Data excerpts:
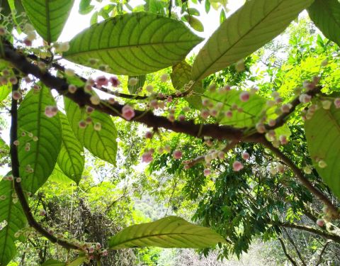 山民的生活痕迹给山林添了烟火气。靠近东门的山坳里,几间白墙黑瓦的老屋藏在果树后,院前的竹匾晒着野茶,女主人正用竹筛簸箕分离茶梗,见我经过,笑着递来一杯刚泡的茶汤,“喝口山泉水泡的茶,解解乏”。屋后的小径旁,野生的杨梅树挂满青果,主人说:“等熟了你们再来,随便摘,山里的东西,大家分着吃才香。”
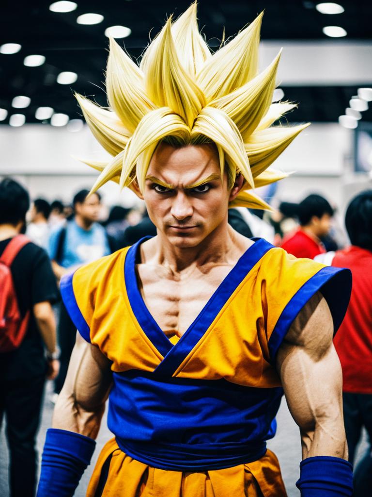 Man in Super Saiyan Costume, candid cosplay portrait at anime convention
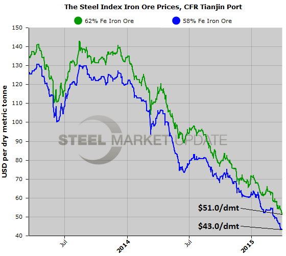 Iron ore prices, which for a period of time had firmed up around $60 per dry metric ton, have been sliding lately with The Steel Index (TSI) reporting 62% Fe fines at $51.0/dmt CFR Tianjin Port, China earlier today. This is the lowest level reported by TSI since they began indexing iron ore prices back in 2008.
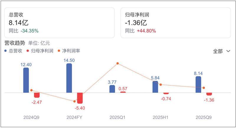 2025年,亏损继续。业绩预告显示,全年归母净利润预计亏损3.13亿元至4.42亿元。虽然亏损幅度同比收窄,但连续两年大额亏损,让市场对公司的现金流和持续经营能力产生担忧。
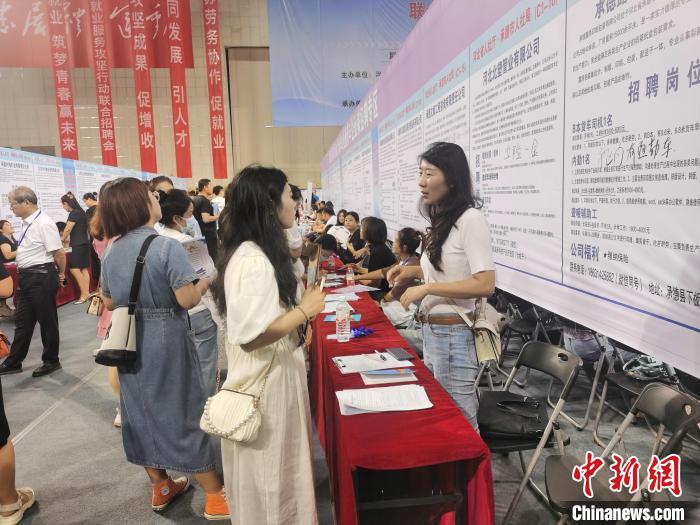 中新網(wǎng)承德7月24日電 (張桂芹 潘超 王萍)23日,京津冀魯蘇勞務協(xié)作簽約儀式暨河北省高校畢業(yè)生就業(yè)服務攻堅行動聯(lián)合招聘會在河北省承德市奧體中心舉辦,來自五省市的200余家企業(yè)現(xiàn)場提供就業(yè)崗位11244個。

Problem: Quote exactly, and only, the lines from the line containing "2025年,亏损继续。业绩预" through the final line of the records above, both included, omitting any pictures.

Problem solution:
 2025年,亏损继续。业绩预告显示,全年归母净利润预计亏损3.13亿元至4.42亿元。虽然亏损幅度同比收窄,但连续两年大额亏损,让市场对公司的现金流和持续经营能力产生担忧。
 中新網(wǎng)承德7月24日電 (張桂芹 潘超 王萍)23日,京津冀魯蘇勞務協(xié)作簽約儀式暨河北省高校畢業(yè)生就業(yè)服務攻堅行動聯(lián)合招聘會在河北省承德市奧體中心舉辦,來自五省市的200余家企業(yè)現(xiàn)場提供就業(yè)崗位11244個。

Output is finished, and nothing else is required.